• Activity
Nothing but the lines from the one containing "子供用パジャマ 女児 青少年" through the end of the entries below should appear in your answer, transcribed exactly; please drop the pictures.

Entries taken from a collection:
####################
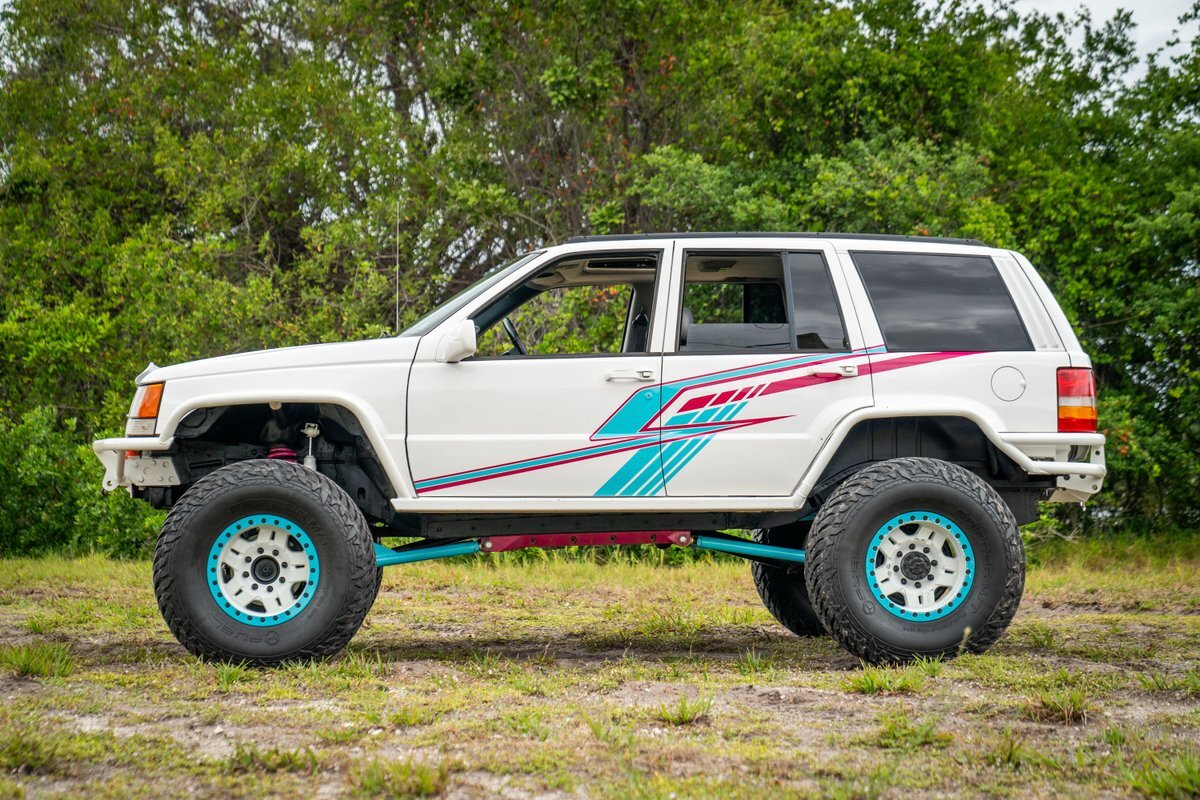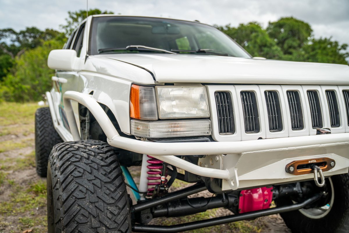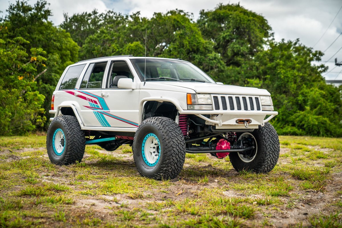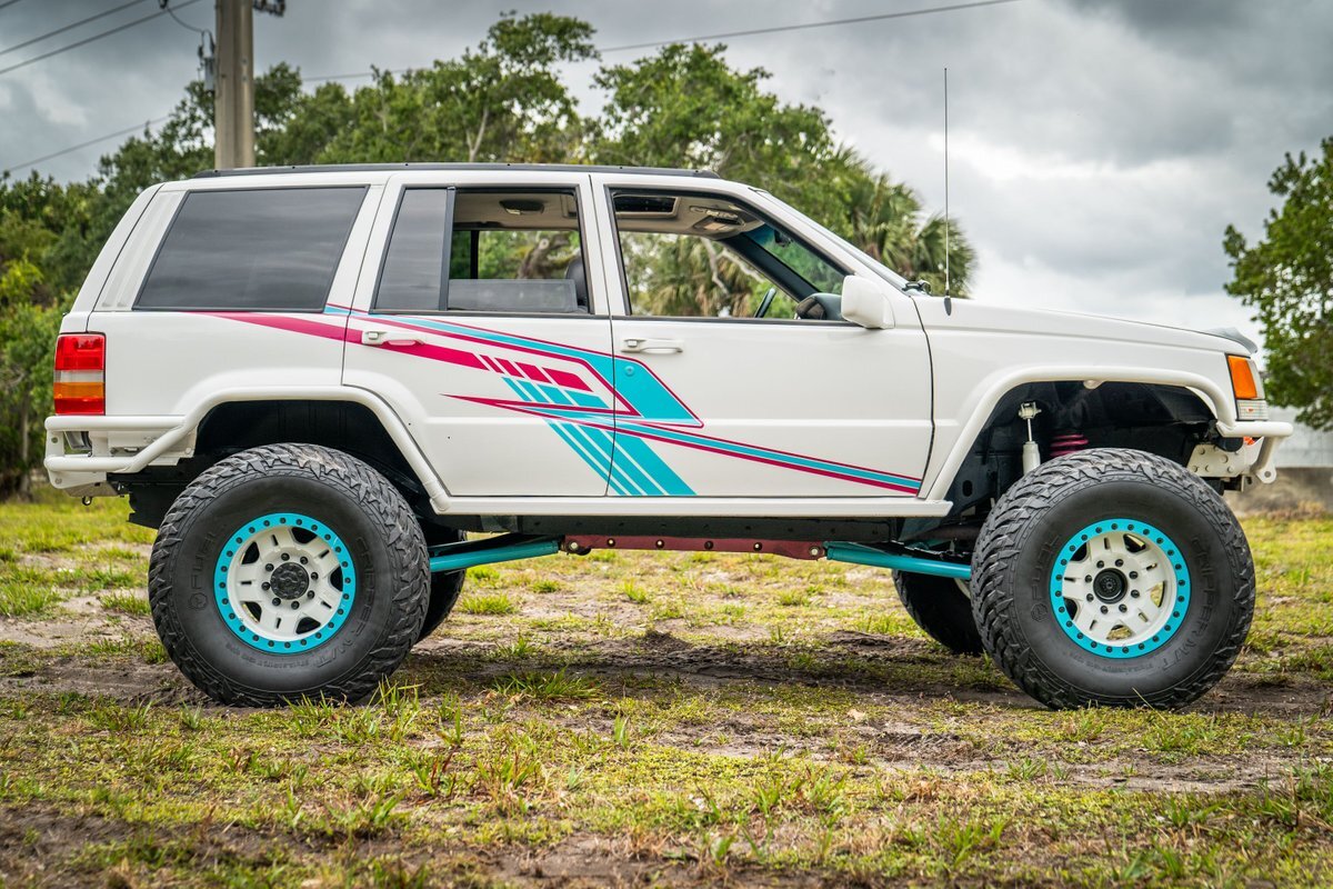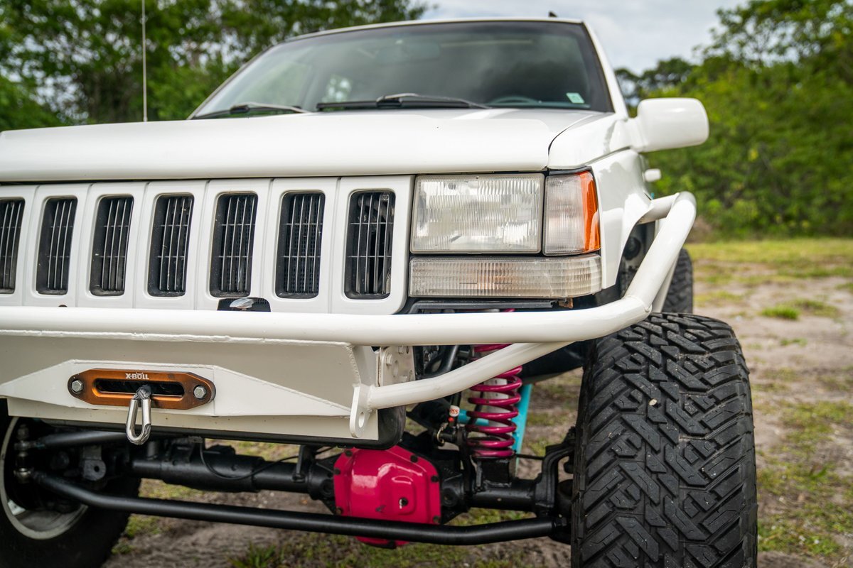 This 1997 Jeep Grand Cherokee is a Canadian-market example that was modified for off-road use under prior ownership with the installation of an NP242 dual-range transfer case, a Dana 60 front and Dana 80 rear axle, ARB front and rear locking differentials, a 5" suspension lift, 17" Fuel Off-Road wheels, and 37" mud-terrain tires. The truck is powered by a 5.2-liter V8, and it is finished in white with teal and pink side graphics. Additional equipment includes tubular bumpers, front and rear winches, air conditioning, a sunroof, an aftermarket touchscreen head unit, and heated power-adjustable front seats. This Grand Cherokee has 361k kilometers (~224k miles) and is offered with a clean Carfax report and a clean title.
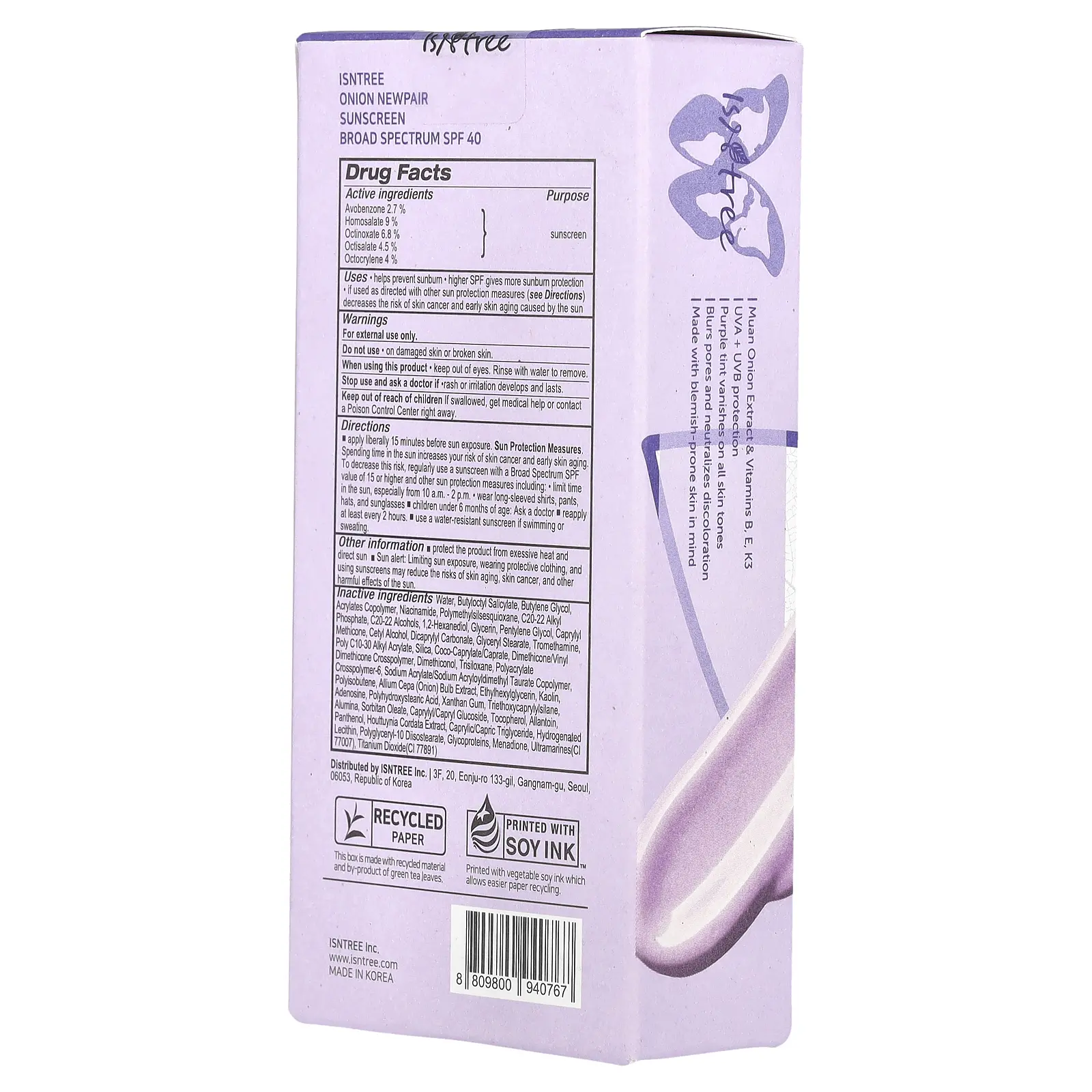 ISNtree Purple Protector, Onion Newpair Sunscreen, SPF 40, 1.69 fl oz (50 ml)
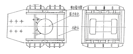 d、撓性聯(lián)接裝置是給煤機(jī)的主傳動(dòng)裝置,其是由安裝于電動(dòng)機(jī)軸及激振器軸上的兩個(gè)半聯(lián)軸器之間用4-8塊輸送帶片(或其它能傳遞一定動(dòng)力的柔性聯(lián)接片)彎曲聯(lián)接而成,這種動(dòng)力傳動(dòng)裝置使得電機(jī)把動(dòng)力傳遞給激振器,迫使激振器振動(dòng)的同時(shí)又不影響電機(jī)位置的固定。
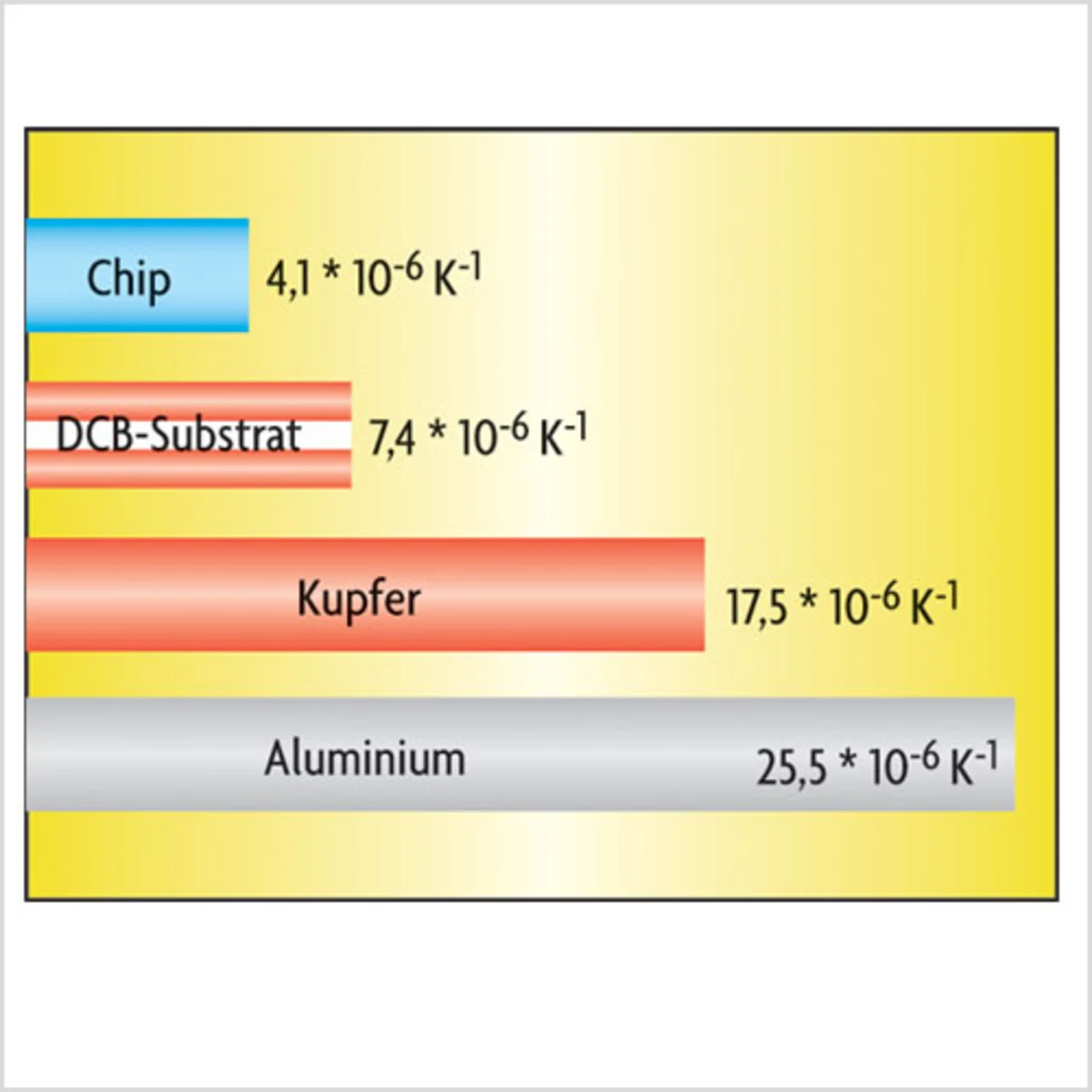 Ein spezifisches Merkmal von Leistungshalbleitermodulen ist, dass Strom und Wärme auf getrennten Wegen geleitet werden. Verschiedene Materialien wie Isolatoren, Leiterbahnen und natürlich Halbleiter müssen miteinander verschaltet werden. Wegen der unterschiedlichen thermischen Ausdehnungskoeffizienten (Coefficient of Thermal expansion, CTE) entstehen an den Verbindungspunkten der einzelnen Materialien während der Temperaturund Lastwechsel mechanische Spannungen. Diese Spannungen verhalten sich proportional zu den CTE-Differenzen der Materialien, der Länge der feststehenden Verbindungen und dem Temperaturhub ΔT. Deshalb muss die Auslegung der Module an die thermischen Anforderungen der jeweiligen Applikation angepasst werden [2]. Um die CTE-Unterschiede zwischen DCB und Halbleitermaterial in den neuen Modulen auszugleichen, wurde ein neuartiges Lötzinn verwendet.
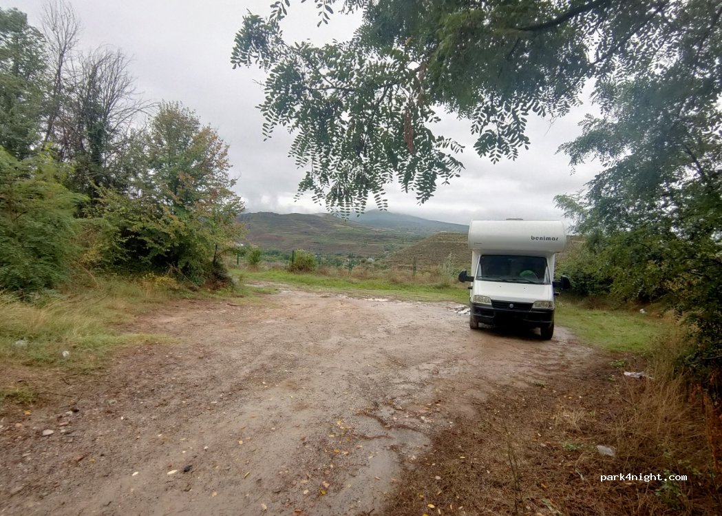 Quiet place behind the hermitage. Only two vans or a motorhome can fit, but it is flat and quiet. A little dirty, but no bad smells, and the views make up for it.
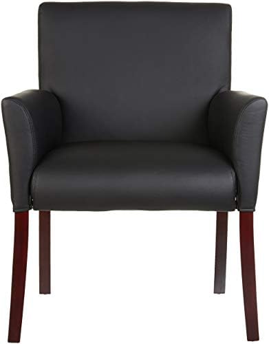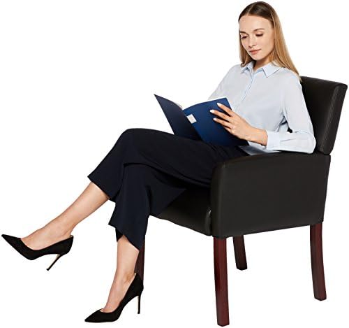 AmazonBasics Classic Reception Office Chair with Mahogany Wood Finish Legs – Black, BIFMA Certified –
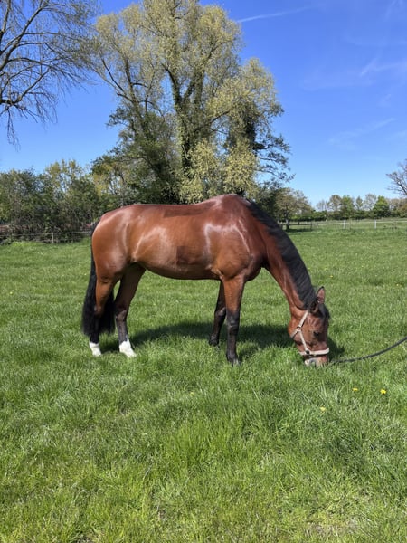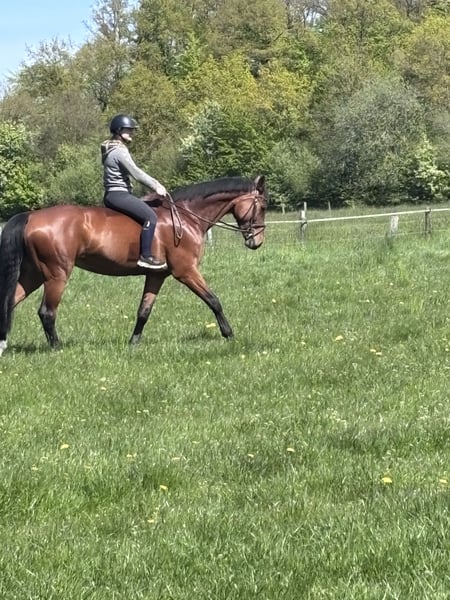 Mare, born in 2015 Pilothago x Cornet Obolensky For sale is a lovely and people-oriented mare with good, very comfortable basic gaits. Corni is rideable, eager to work, and pleasant to handle. She is currently in training, regularly ridden and lunged. Due to her strong bond with humans, she enjoys working with her handler, making her well-suited for ground work or versatile recreational riding. She is kept in box stalls but is always turned out on pasture or paddock. Thanks to her pedigree, she is also interesting for breeding purposes. She is well-behaved in handling and shows no issues with the farrier or loading (truck & trailer). - Regularly hoof care by the farrier - Vaccinated and dewormed Corni is offered as a high-quality leisure horse and is seeking a loving home. Excellent X-ray images from 2024 are available. For serious inquiries, please contact me for more information, photos, or videos.
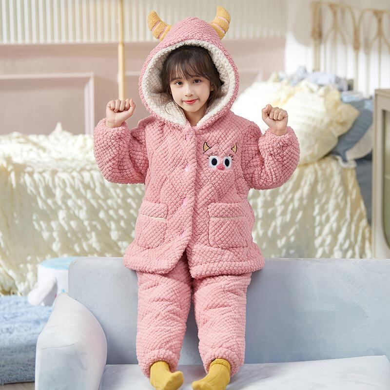 子供用パジャマ 女児 青少年 フランネル 暖かい 厚手 上下セット 寝間着 ルームウェア 秋冬 花柄 アニマル柄
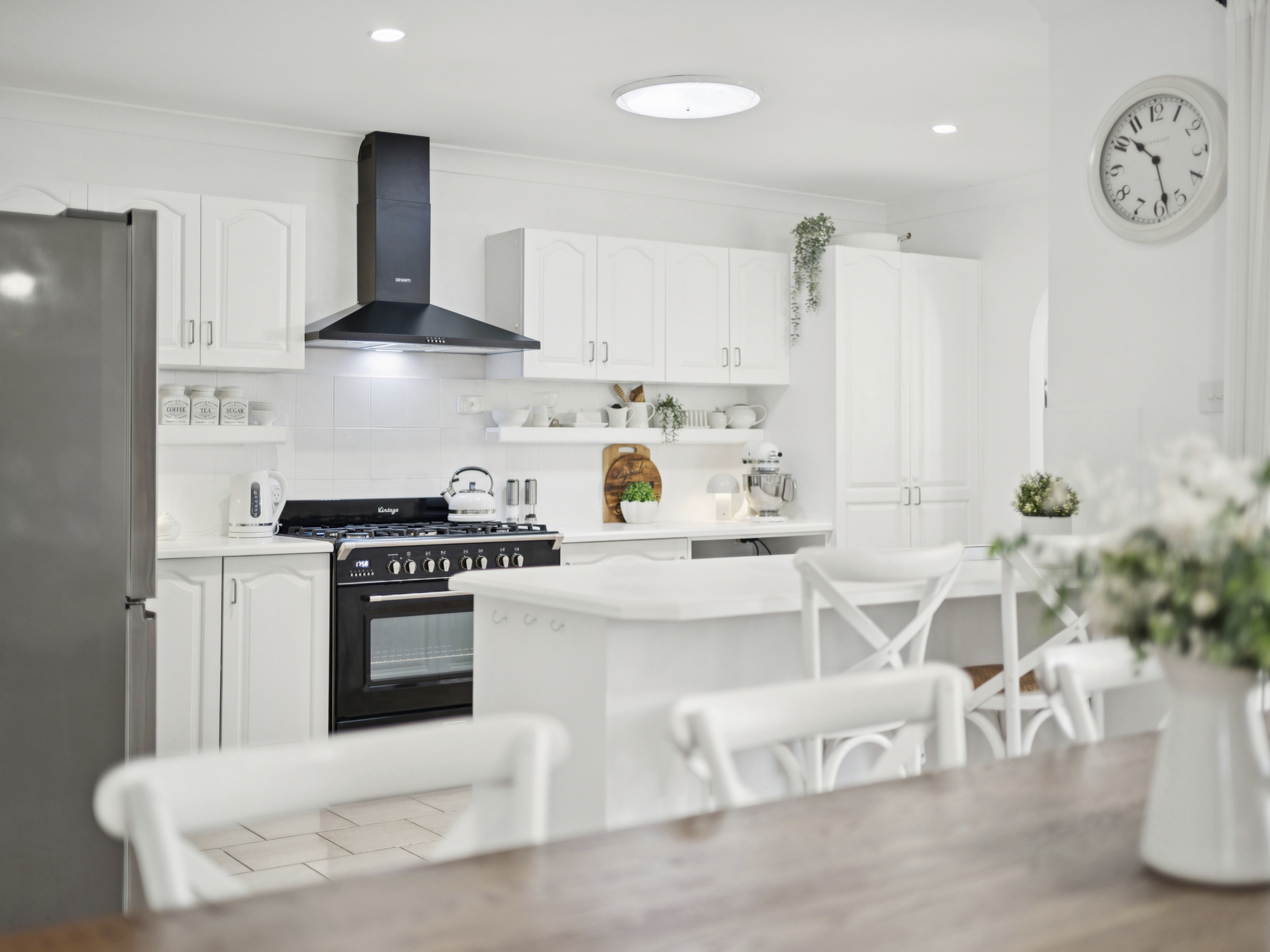 * White Hamptons-style kitchen with 900mm cooker & dishwasher
####################
• Exercise answer
 子供用パジャマ 女児 青少年 フランネル 暖かい 厚手 上下セット 寝間着 ルームウェア 秋冬 花柄 アニマル柄
 * White Hamptons-style kitchen with 900mm cooker & dishwasher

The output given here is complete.